Abstract—There are many applications for the detection of anomalies; in this paper we propose a new method for the detection of abnormalities in crowded scenes. In our method, we present a hand technique for temporal tracking of different people during movement in a video sequence, using the technique of Gaussian mixture model (GMM). This method is based on the blob detector analyzing foreground functioning of cells based on which is created a statistical modelling of the individual item. The Gaussian mixture model (GMM) is used as a position vector to extract different motion characteristics. In addition to detecting the abnormal behavior of the crowd we propose a new simple method. We use the differential method of Lucas and Kanade to estimate abnormal events observed in a surveillance video. It presents an algorithm to accelerate the process of abnormal motion detection based on a local adjustment of the velocity field by calculating the light intensity between two images to detect the abnormal movement.

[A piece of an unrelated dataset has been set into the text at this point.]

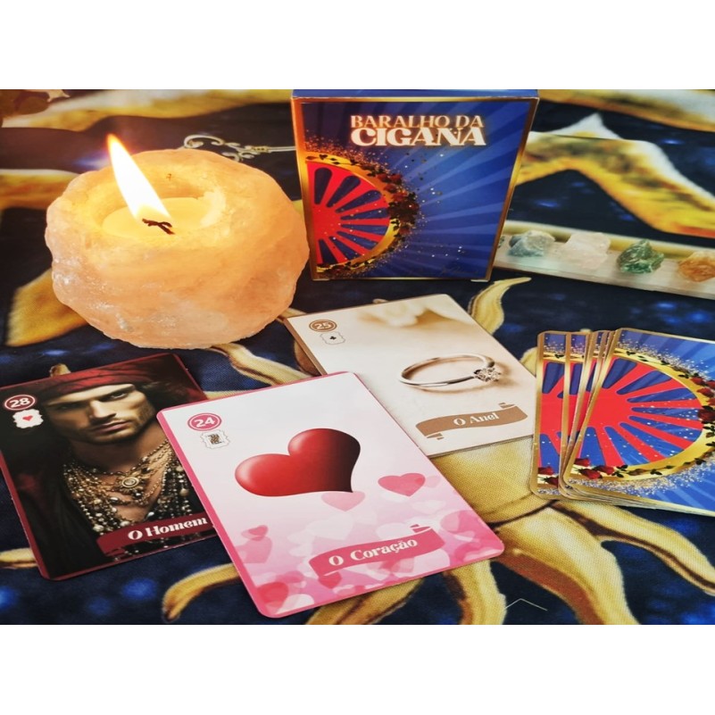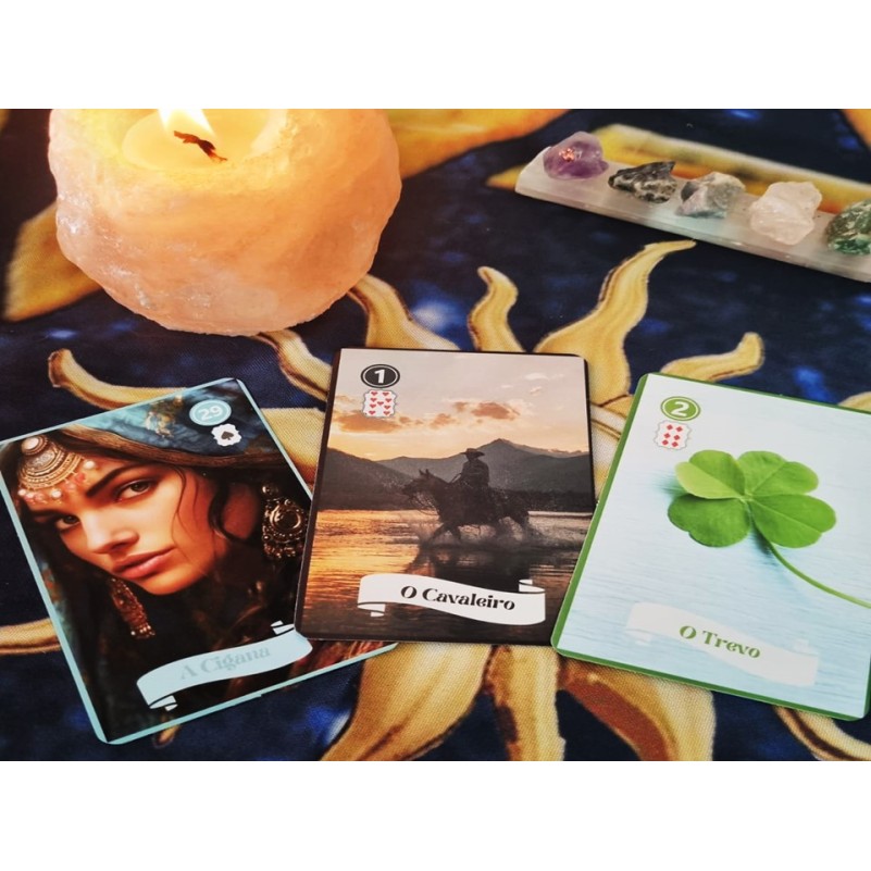 O Baralho Cigano, também conhecido como Tarô Cigano ou Petit Lenormand, é composto de 36 Cartas. Cada uma das cartas traz um símbolo ou imagem que tem um significado que pode ser interpretado para prever o futuro, trazer um direcionamento para o momento presente, responder perguntas de dúvidas do dia-a-dia ou questões que você queira saber, pode ser feito leitura para temas específicos como amor, saúde, profissional, entre outros.

Index Terms—Anomaly detection, crowd analysis, Gaussian mixture model, pyramids of Lucas and Kanade, video surveillance.
G. Mariem is with Higher Institute of Computer Science and Multimedia of Gabes (ISIMG), Gabes, Tunisia (e-mail: mariem21gnouma@gmail.com.
E. Ridha and Z. Mourad are with Research Groups on Intelligent Machines (REGIM), University of Sfax National Engineering School of Sfax (ENIS), Tunisia (e-mail: ridha_ejbali@ieee.org, mourad.zaied@ieee.org).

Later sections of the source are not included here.